# Help finding instructions to re-jet Honda 2000i for altitude



## outwestbound (Jan 1, 2019)

Greetings and Happy New Year!

Can someone please help me find the pages in the Shop Manual that explain how to re-jet my 2014 Honda 2000i? The shop manual is a $50, 124 page hard bound book that I don't need and can't take on my trip. 

I'm taking my 2014 Honda 2000i on a year long overlanding South American vehicular trip. I'll be at 8,000 to 11,000 a LOT, and over 11,000 some up about 14,000 feet some. I'm living in the vehicle and will not be getting shore power. The Honda is a critical power system. 

I read Honda's "carburetor jetting for high elevations" document. I'm OK with being derated down to 60% of 13.3AAC capacity, because that will still push my inverter/charger to charge my battery bank. I do have solar, but the Honda is an essential backup. 

Looking at Honda's 2 choices; namely, "first" and "second" jets, I think i'll be fine with the first jet, and just run a little rich if over about 11,000 or so. I'll have to re-jet it when I go down closer to sea level. 

I think I've figured out how to use/set it up, if I can just get re-jetting pages from the shop manual.


----------



## outwestbound (Jan 1, 2019)

I just learned something and want to see if this makes sense. 

My issue is how to best deal with altitude. Rather than re-jet the Honda EU2000i, I'm gathering that modifying it to burn propane (dual fuel) might be easier. The Honda sits in a compartment that held an Onan 3.6Kw propane, so I kept the propane there with a quick connect to use with my grill. I assume I can feed the Honda from this very simply. 

I read that being able to regulate the propane mix manually (not by the Honda's carburetor) would essentially let me adjust the mixture to the altitude so I would not have to re-jet it. The RV forum fellow felt that the Honda operating at 9-12,000 feet on propane would have more power than if on gas, even if it had been re-jetted. I don't know if this is correct or now. I have heard that propane reduces power when compared to gas, but it's the altitude that makes the difference. 

Anyone have any better info on this "dual fuel" option? Would be easy for me to do and seems better at dealing with altitude. 

Thanks, 

John


----------



## tabora (Sep 6, 2018)

outwestbound said:


> I think I've figured out how to use/set it up, if I can just get re-jetting pages from the shop manual.

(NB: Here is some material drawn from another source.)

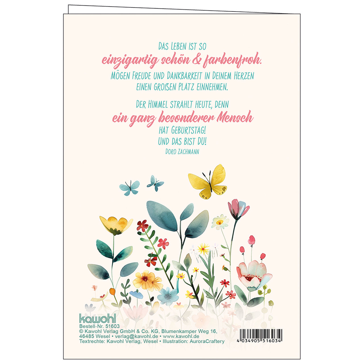 Mit dieser schönen Geburtstagskarte überreichen Sie Glückwünsche und persönliche Worte, verbunden mit einer guten Botschaft, in liebevoller Gestaltung.

 It's very easy to swap main jets:

1. Run the engine with the fuel tank cap vent lever turned off and choke applied until it dies.
2. Open the carburetor bowl drain to get the remaining gas out.
3. Make an index mark on the carb body and bowl to aid with alignment during reinstallation.
4. Remove the bowl and clean it.
5. Use a medium flat blade screwdriver to remove the current jet from the vertical tube in the center where the bowl was attached and install the new jet.
6. Reinstall the carb bowl and check for leaks.


----------



## tabora (Sep 6, 2018)

outwestbound said:


> Anyone have any better info on this "dual fuel" option?

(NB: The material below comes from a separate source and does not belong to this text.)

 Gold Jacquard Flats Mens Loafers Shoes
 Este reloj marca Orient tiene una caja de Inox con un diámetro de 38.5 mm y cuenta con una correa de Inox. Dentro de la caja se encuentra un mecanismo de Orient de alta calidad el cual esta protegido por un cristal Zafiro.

 If you decide to go dual- or tri-fuel, I've used this unit on my generator and it works great: https://www.ebay.com/itm/Honda-Snor...h=item3ce2d4f8a5:g:UWwAAOxy2CZTajYJ:rk:5:pf:0


----------



## outwestbound (Jan 1, 2019)

tabora said:


> If you decide to go dual- or tri-fuel, I've used this unit on my generator and it works great: https://www.ebay.com/itm/Honda-Snor...h=item3ce2d4f8a5:g:UWwAAOxy2CZTajYJ:rk:5:pf:0



Thanks. I think it makes sense to have a dual fuel capability. 

Do you know if the conversion you are using allows some kind of manual mix control so it could be adjusted to altitude manually? 

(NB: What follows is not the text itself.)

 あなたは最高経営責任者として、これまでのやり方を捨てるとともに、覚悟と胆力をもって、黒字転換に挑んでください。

Also, I have to figure out how the regulation in general. The LP hose I'd use is already low pressure, because it already came through a two state at the fixed 17 gallon tank. The line was originally used from an Onan 3.6Kw LP generator. Can low pressure be used with this regulator? Do you know if I can put the regulator you're using in-line or does it have to be attached to the generator? My Honda is really tight in it's compartment, so I don't think it will fit if attached. 

Don't worry about it if you don't have time. I know I have to do my homework. Thanks for your help.


----------



## tabora (Sep 6, 2018)

outwestbound said:


> Do you know if the conversion you are using allows some kind of manual mix control so it could be adjusted to altitude manually?


 Yes, if you look at the second stage regulator (picture in the link in my earlier post above) that comes in the kit, you can see the adjustment block at the top. Here's a link to the manual that should help: https://www.dropbox.com/s/esrbe6eypqris6i/Motor%20Snorkel.pdf?dl=0



outwestbound said:


> Can low pressure be used with this regulator?


Yes, again, look at the picture of the second stage regulator. You'll see the marking that it's a Low Pressure Regulator.



outwestbound said:


> Do you know if I can put the regulator you're using in-line or does it have to be attached to the generator?


You should be able to attach the regulator nearby. May just need a longer piece of hose between the regulator mixer block and the snorkel.


----------